Register your site in Search Console and submit a sitemap.xml.
Make sure the page can be rendered reasonably fast. Google has some kind of rendering budget for each site/page and we have noticed problems when the page is too slow, for example when content is fetched through a long chain of API requests. @lucamug made a nice writeup of some of his findings regarding this.
We have noticed that SPA sites without server side rendering takes more time to get indexed, somewhere in the ballpark of a few weeks for crawling a sitemap.xml with 1k urls.

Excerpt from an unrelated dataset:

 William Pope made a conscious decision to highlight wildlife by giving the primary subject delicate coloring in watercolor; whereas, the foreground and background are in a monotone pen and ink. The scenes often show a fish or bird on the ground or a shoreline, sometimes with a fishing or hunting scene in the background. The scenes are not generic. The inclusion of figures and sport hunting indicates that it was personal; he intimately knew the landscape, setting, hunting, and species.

If content changes fast and organic traffic is an important source you might look into something like rendertron, we use that on some sites and it makes a difference on number of crawled pages per day.-
I went through some of this, so I can offer my perspective:
I rebuilt an e-commerce site that had previously been a mishmash of Wordpress and PHP nonsense with Elm. When I initially built the site, for some reason I was having trouble getting routing to work, so my application used # anchors for routing - i.e., the “inventory” page was at https://mysite.com/#inventory
Google did not index the site, and we disappeared from the Internet. (This was an unpopular outcome, and made a lot of people very unhappy.)

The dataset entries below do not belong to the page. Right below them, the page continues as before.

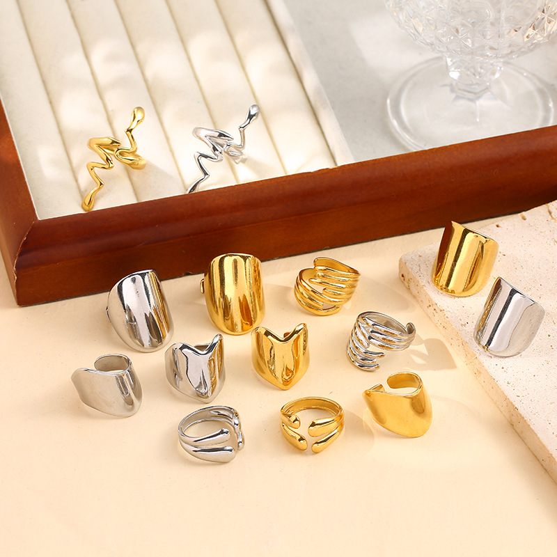 Color: Wavy wide open ring-steel color
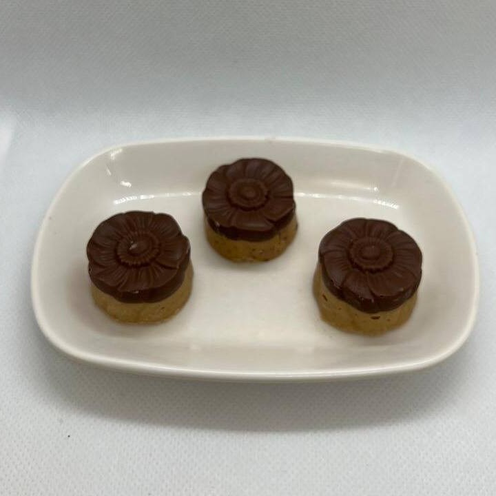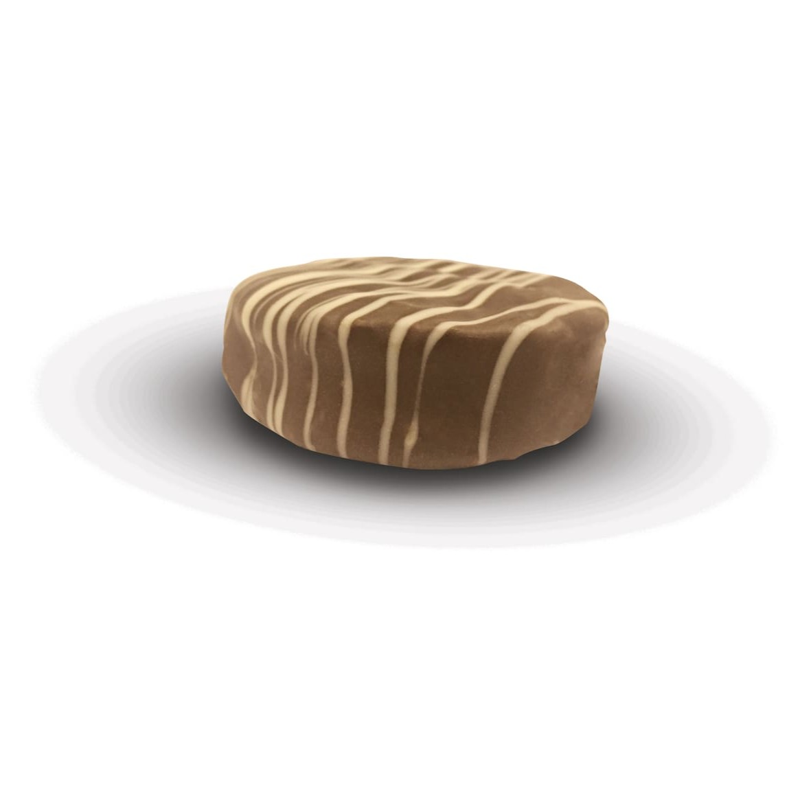 Biscoitos de coco cobertos com chocolate ao leite embrulhados individualmente.
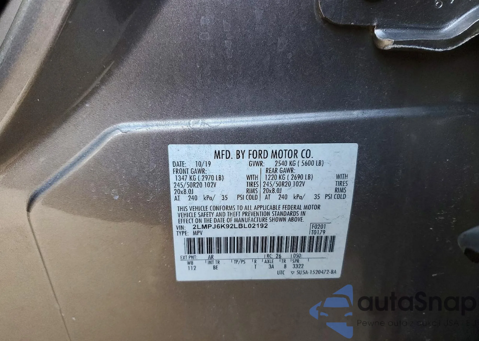 The car Lincoln Nautilus 2020 (VIN 2LMPJ6K92LBL02192) has not been auctioned before. The documents are clean, and the mileage matches or is below the market average. Sold by an insurance company – we recommend purchase. Delivery to the port will take approx. 6–8 weeks.
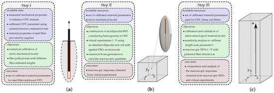 Graphical representation of the step-by-step approach: representative boundary value problems (BVPs) (a) fiber pullout test in step I, (b) virtual experiments in step II and (c) macroscopic BVPs in step III.

The initiative to fix this encapsulated the following actions:
I created and submitted a sitemap.xml, and made sure to refresh it when the contents of my site updated
I stopped using # anchors and figured out how to do regular routing
I changed all of our URL paths to be more descriptive - for instance, https://mysite.com/inventory/18507 became https://mysite.com/inventory/18507-allen-bradley-relay-model-2
I built a “sitemap” into the website - I made sure that it was possible to access each inventory listing from a link on the main page by traversing through the different organizational units of the site (i.e., category → brand → make → model → inventory detail page) - from what I’ve read, Google really likes this, nearly as much as a sitemap
It took a few months, but over time Google gradually indexed more and more of our pages. I don’t use server-side rendering, or really anything at all very fancy - just a fairly static site hosted on nginx that loads my Elm JS from an index.html page.
I don’t know how much of this applies to you, directly or otherwise, but in my case - it worked, gloriously, and led to a significant increase in business for our company.
Thank you so much for your screenshots, made it very easy to follow.
Crawling: Googlebot smartphone (exactly same line as you have).
JavaScript errors with live test: none for our site. But get some for the Twitter widget on this page, such as
Error
Access to fetch at 'https://syndication.twitter.com/settings?session_id=2b6844d02721225f514074239168e8be1b0618a2'
from origin 'https://platform.twitter.com' has been blocked by CORS policy:
No 'Access-Control-Allow-Origin' header is present on the requested resource.
If an opaque response serves your needs, set the request's mode to 'no-cors' to fetch the resource with CORS disabled.
I don’t think that is relevant. Or is it?
We had some discussion here if we could disable the twitter bits when we detect a bot is running, but we have the concern that Google might not like us doing that, i.e. we present a different page to the bot than to the world, and Google might penalise us for that.
Anyway, with the live url we get the proper page (we already had checked this initially), but the indexed HTML is simply our index.html, with no javascript loaded.